-- Task to complete --
Of the lines in the data below, write out exactly those from the one holding "Ниже Вы можете" through the one holding "광양시는 음식 판매 부스, 체험", both included.

-- Supplied entries --

--- --- ---

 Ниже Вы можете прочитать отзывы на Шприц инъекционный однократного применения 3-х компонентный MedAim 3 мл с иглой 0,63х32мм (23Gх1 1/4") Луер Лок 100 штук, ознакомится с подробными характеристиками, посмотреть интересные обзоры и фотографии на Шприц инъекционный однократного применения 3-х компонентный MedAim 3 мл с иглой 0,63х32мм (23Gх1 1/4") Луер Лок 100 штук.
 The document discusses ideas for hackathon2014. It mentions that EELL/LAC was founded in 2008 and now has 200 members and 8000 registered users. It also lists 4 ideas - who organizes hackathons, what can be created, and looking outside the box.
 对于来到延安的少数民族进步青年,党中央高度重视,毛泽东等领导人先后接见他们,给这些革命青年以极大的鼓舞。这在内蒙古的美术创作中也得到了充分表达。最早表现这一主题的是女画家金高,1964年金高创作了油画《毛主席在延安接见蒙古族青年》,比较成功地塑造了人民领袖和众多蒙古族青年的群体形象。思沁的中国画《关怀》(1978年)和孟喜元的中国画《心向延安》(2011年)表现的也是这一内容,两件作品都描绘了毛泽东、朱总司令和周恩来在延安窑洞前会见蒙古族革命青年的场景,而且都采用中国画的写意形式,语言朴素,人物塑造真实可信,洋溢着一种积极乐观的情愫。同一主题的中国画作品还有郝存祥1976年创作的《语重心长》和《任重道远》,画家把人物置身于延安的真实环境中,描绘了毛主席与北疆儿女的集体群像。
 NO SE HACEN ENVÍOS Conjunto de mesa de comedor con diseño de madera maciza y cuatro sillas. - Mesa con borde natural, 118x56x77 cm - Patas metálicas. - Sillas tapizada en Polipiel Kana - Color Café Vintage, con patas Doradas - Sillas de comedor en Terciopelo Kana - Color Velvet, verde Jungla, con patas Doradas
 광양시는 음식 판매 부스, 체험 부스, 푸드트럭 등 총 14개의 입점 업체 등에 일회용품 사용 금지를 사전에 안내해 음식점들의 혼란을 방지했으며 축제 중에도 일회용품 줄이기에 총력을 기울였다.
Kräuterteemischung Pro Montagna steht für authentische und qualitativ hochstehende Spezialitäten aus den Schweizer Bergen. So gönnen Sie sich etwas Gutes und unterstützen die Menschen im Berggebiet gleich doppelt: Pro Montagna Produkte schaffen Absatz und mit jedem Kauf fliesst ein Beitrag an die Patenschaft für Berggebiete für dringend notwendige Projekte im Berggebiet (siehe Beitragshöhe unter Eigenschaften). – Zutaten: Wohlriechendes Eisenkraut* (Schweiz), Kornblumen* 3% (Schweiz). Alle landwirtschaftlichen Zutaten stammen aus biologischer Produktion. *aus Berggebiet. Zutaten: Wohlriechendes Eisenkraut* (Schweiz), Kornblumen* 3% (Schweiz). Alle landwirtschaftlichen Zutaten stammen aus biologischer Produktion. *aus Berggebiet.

--- --- ---

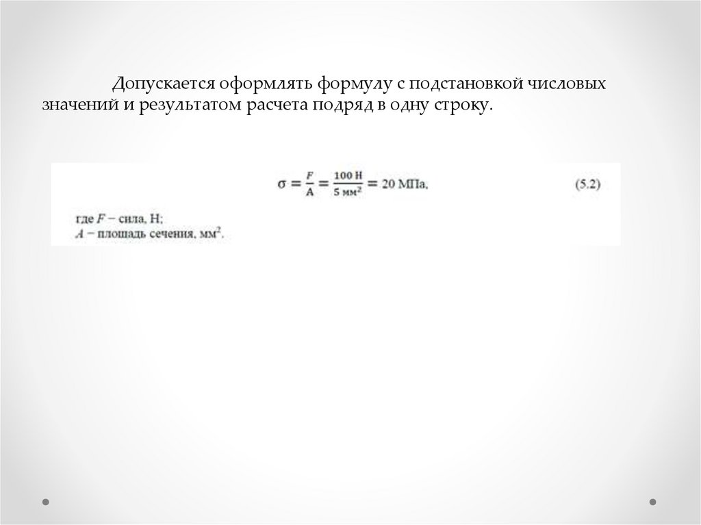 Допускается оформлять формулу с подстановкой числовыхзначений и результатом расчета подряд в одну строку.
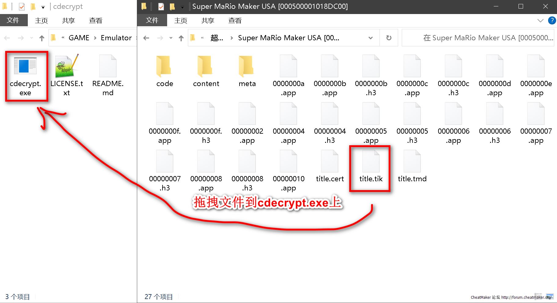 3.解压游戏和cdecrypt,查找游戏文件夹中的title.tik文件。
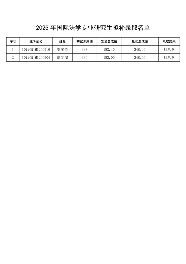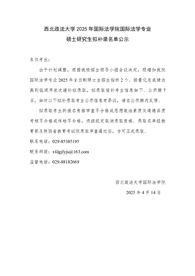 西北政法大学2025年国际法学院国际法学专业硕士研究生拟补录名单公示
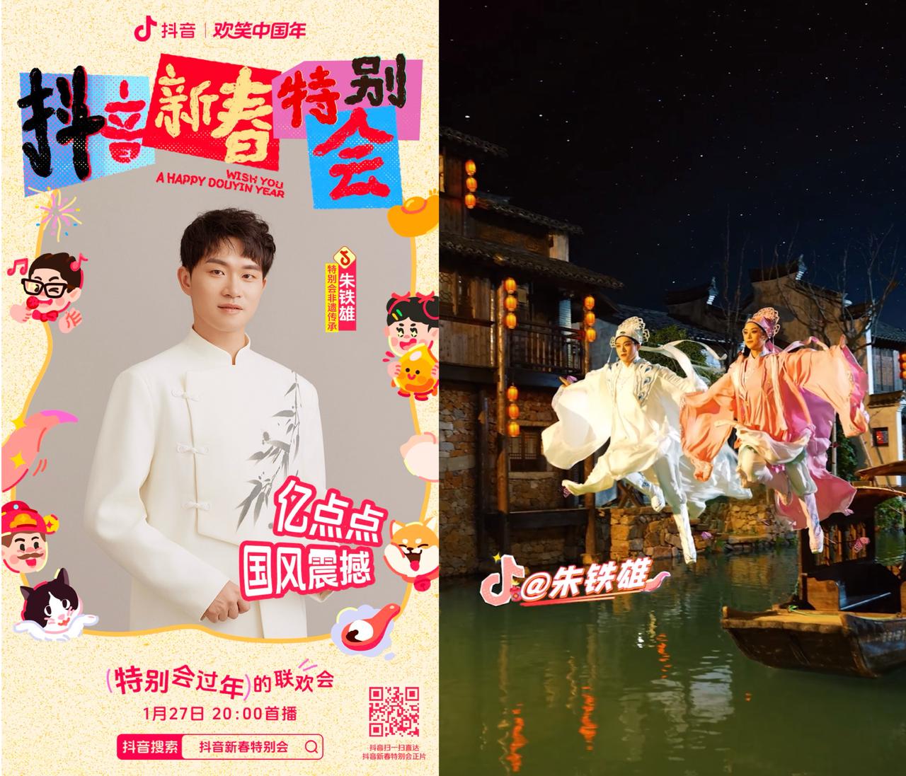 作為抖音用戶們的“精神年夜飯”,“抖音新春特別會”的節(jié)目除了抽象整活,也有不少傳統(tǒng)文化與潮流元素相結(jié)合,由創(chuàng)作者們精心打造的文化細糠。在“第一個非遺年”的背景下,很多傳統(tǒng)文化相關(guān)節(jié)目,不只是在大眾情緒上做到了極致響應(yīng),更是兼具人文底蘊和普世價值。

--- --- ---

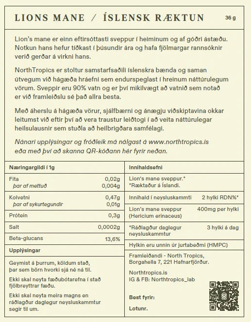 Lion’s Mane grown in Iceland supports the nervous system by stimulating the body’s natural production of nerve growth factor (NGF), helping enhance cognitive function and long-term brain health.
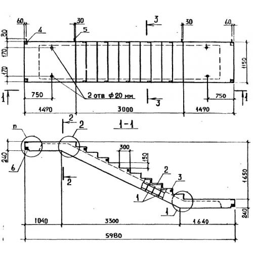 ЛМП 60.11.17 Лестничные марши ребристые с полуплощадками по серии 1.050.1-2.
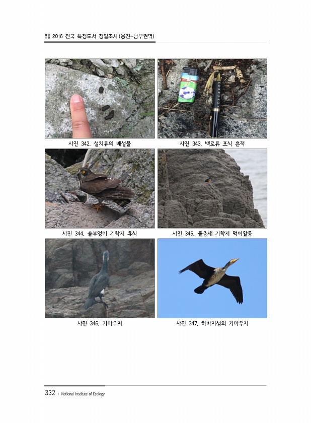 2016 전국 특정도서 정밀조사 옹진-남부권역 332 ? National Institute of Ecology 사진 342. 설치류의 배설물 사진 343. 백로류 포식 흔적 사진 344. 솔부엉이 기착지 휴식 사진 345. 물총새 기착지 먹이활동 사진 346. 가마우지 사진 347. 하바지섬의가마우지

--- --- ---

-- Response below --
 Ниже Вы можете прочитать отзывы на Шприц инъекционный однократного применения 3-х компонентный MedAim 3 мл с иглой 0,63х32мм (23Gх1 1/4") Луер Лок 100 штук, ознакомится с подробными характеристиками, посмотреть интересные обзоры и фотографии на Шприц инъекционный однократного применения 3-х компонентный MedAim 3 мл с иглой 0,63х32мм (23Gх1 1/4") Луер Лок 100 штук.
 The document discusses ideas for hackathon2014. It mentions that EELL/LAC was founded in 2008 and now has 200 members and 8000 registered users. It also lists 4 ideas - who organizes hackathons, what can be created, and looking outside the box.
 对于来到延安的少数民族进步青年,党中央高度重视,毛泽东等领导人先后接见他们,给这些革命青年以极大的鼓舞。这在内蒙古的美术创作中也得到了充分表达。最早表现这一主题的是女画家金高,1964年金高创作了油画《毛主席在延安接见蒙古族青年》,比较成功地塑造了人民领袖和众多蒙古族青年的群体形象。思沁的中国画《关怀》(1978年)和孟喜元的中国画《心向延安》(2011年)表现的也是这一内容,两件作品都描绘了毛泽东、朱总司令和周恩来在延安窑洞前会见蒙古族革命青年的场景,而且都采用中国画的写意形式,语言朴素,人物塑造真实可信,洋溢着一种积极乐观的情愫。同一主题的中国画作品还有郝存祥1976年创作的《语重心长》和《任重道远》,画家把人物置身于延安的真实环境中,描绘了毛主席与北疆儿女的集体群像。
 NO SE HACEN ENVÍOS Conjunto de mesa de comedor con diseño de madera maciza y cuatro sillas. - Mesa con borde natural, 118x56x77 cm - Patas metálicas. - Sillas tapizada en Polipiel Kana - Color Café Vintage, con patas Doradas - Sillas de comedor en Terciopelo Kana - Color Velvet, verde Jungla, con patas Doradas
 광양시는 음식 판매 부스, 체험 부스, 푸드트럭 등 총 14개의 입점 업체 등에 일회용품 사용 금지를 사전에 안내해 음식점들의 혼란을 방지했으며 축제 중에도 일회용품 줄이기에 총력을 기울였다.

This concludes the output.